====== MATERIAL FOR THIS TASK

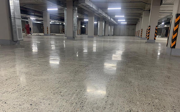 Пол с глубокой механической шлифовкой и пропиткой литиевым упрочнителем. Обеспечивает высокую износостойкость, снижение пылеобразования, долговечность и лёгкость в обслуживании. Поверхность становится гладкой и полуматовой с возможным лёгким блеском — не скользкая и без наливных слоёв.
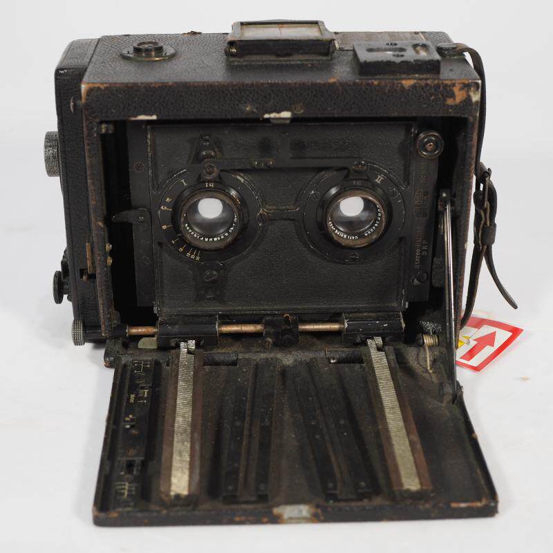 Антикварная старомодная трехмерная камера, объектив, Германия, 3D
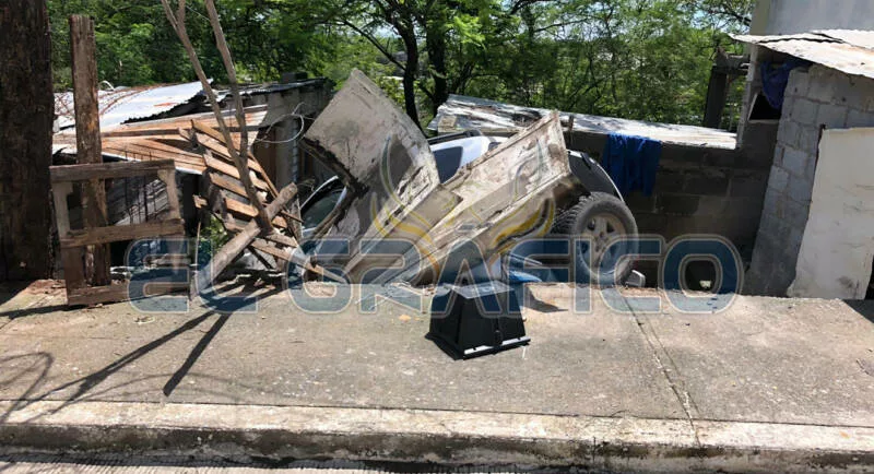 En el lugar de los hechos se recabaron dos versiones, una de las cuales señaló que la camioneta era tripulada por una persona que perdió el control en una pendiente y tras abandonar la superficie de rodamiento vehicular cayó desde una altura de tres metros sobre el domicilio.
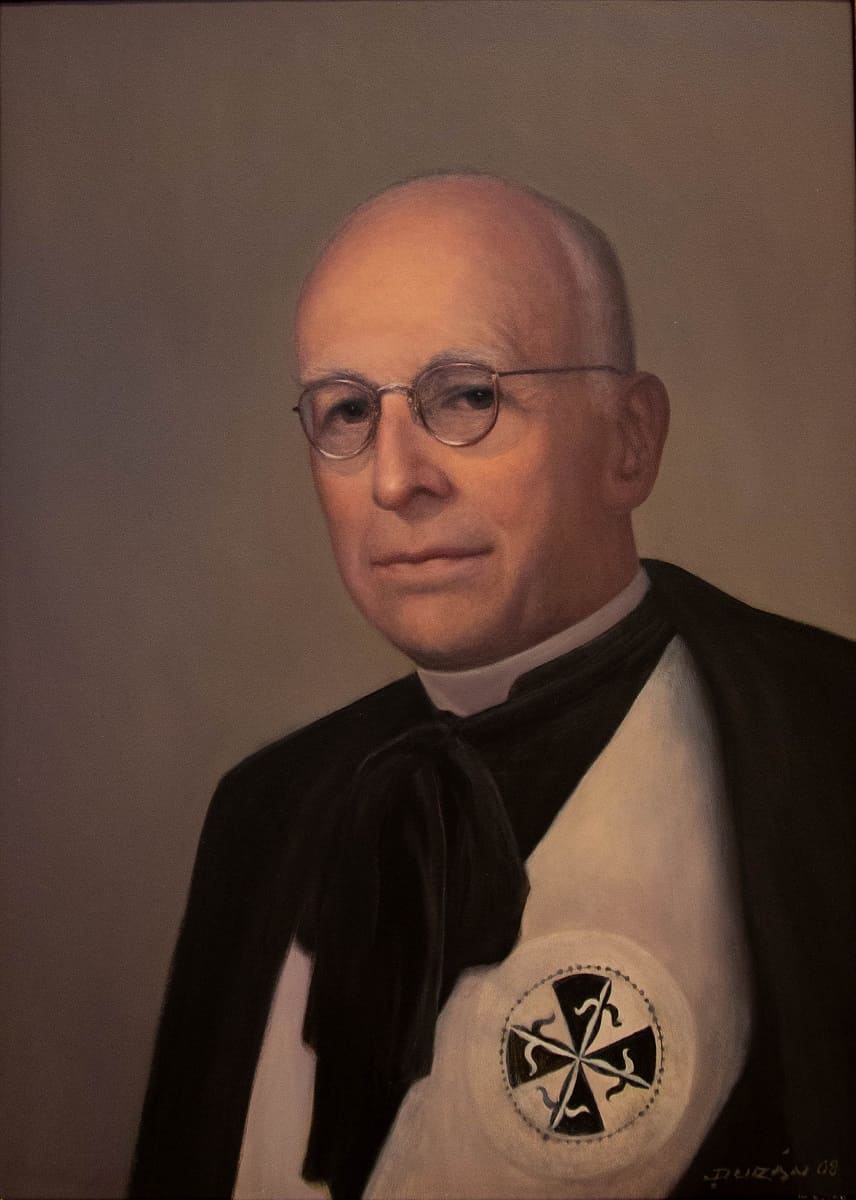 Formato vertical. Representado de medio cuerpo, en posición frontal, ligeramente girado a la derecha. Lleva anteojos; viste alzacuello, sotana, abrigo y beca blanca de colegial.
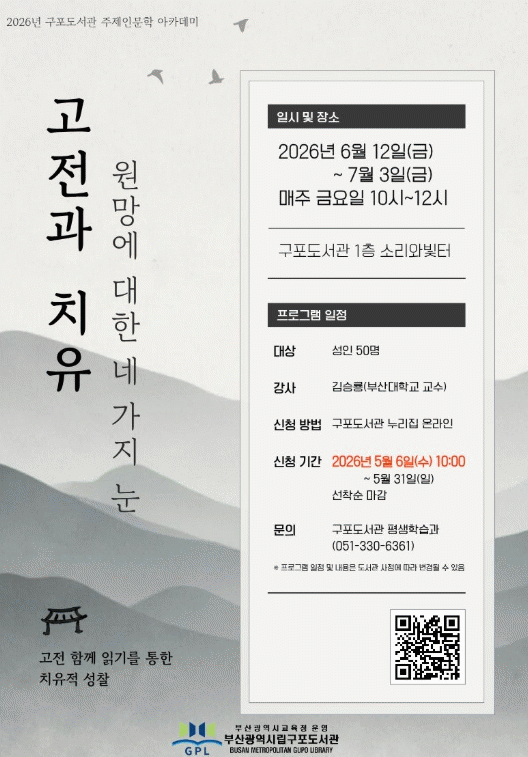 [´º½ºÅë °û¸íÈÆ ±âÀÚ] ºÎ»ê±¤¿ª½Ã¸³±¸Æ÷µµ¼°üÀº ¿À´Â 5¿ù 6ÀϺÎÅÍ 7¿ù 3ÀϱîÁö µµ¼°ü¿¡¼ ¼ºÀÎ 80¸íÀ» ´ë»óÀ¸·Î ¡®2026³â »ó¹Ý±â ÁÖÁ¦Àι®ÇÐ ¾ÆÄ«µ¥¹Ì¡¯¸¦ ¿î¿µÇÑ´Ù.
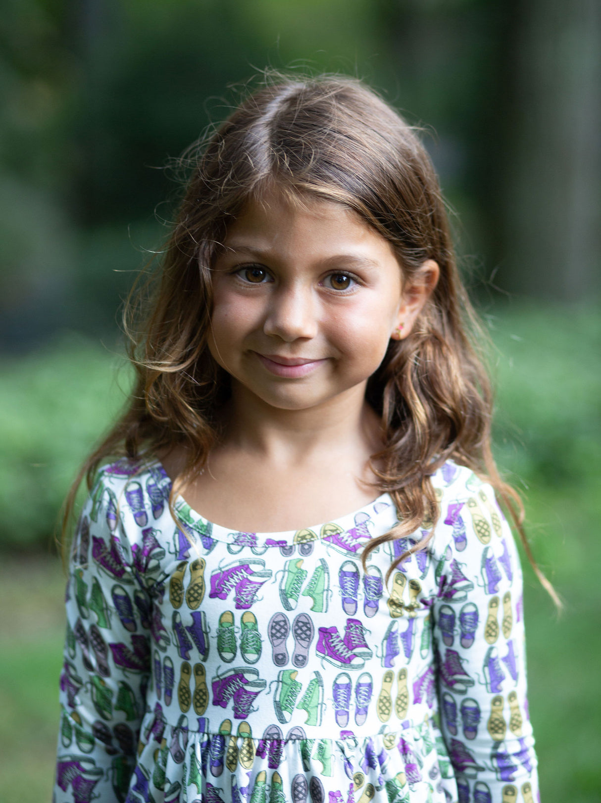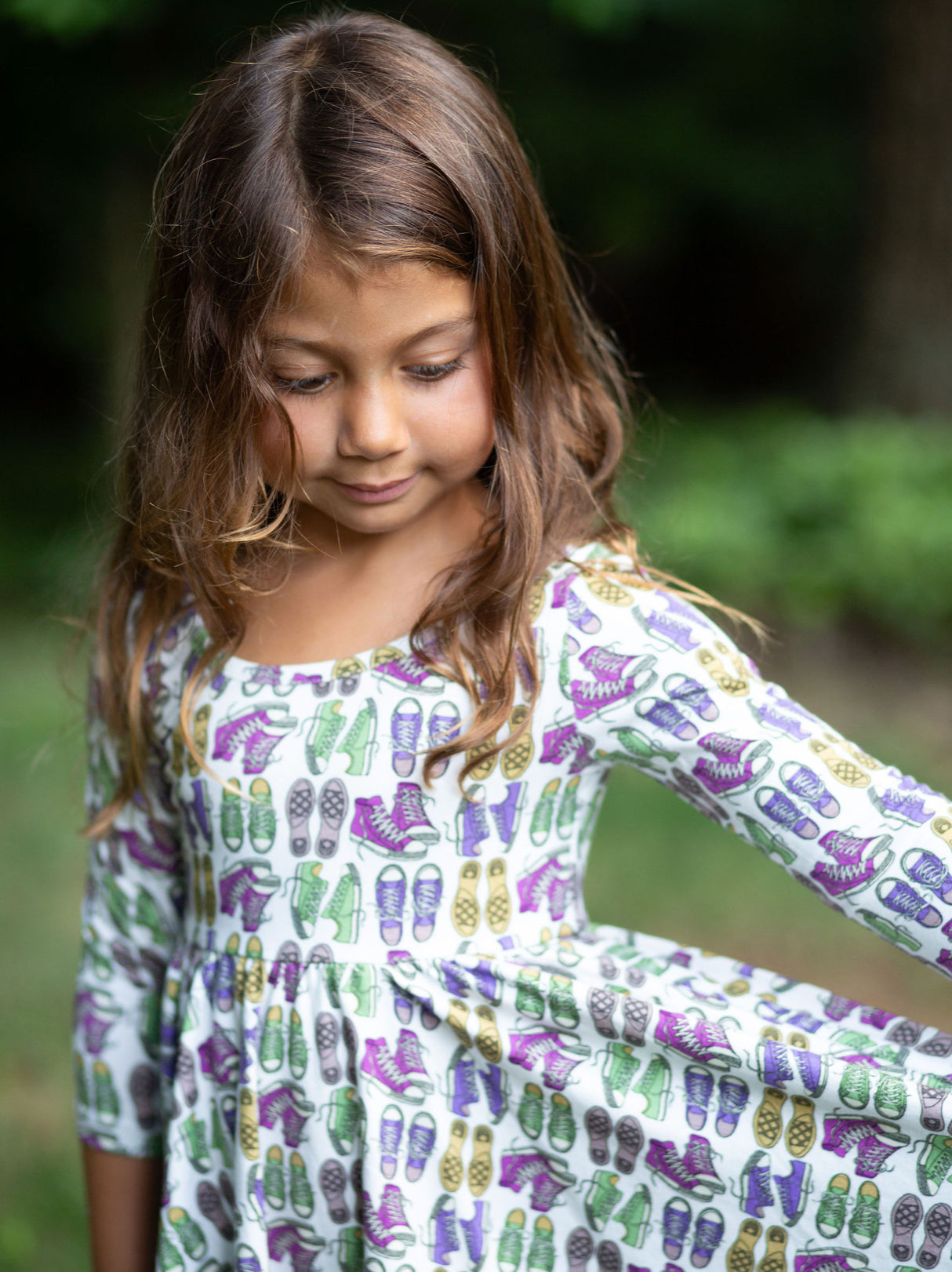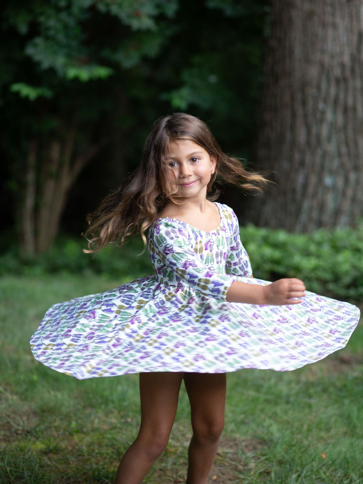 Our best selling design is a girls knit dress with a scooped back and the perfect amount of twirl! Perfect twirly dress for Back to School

============

PROBLEM TO WORK ON:
For this exercise, copy the entries above exactly and skip any picture.

EXERCISE RESPONSE:
 Пол с глубокой механической шлифовкой и пропиткой литиевым упрочнителем. Обеспечивает высокую износостойкость, снижение пылеобразования, долговечность и лёгкость в обслуживании. Поверхность становится гладкой и полуматовой с возможным лёгким блеском — не скользкая и без наливных слоёв.
 Антикварная старомодная трехмерная камера, объектив, Германия, 3D
 En el lugar de los hechos se recabaron dos versiones, una de las cuales señaló que la camioneta era tripulada por una persona que perdió el control en una pendiente y tras abandonar la superficie de rodamiento vehicular cayó desde una altura de tres metros sobre el domicilio.
 Formato vertical. Representado de medio cuerpo, en posición frontal, ligeramente girado a la derecha. Lleva anteojos; viste alzacuello, sotana, abrigo y beca blanca de colegial.
 [´º½ºÅë °û¸íÈÆ ±âÀÚ] ºÎ»ê±¤¿ª½Ã¸³±¸Æ÷µµ¼°üÀº ¿À´Â 5¿ù 6ÀϺÎÅÍ 7¿ù 3ÀϱîÁö µµ¼°ü¿¡¼ ¼ºÀÎ 80¸íÀ» ´ë»óÀ¸·Î ¡®2026³â »ó¹Ý±â ÁÖÁ¦Àι®ÇÐ ¾ÆÄ«µ¥¹Ì¡¯¸¦ ¿î¿µÇÑ´Ù.
 Our best selling design is a girls knit dress with a scooped back and the perfect amount of twirl! Perfect twirly dress for Back to School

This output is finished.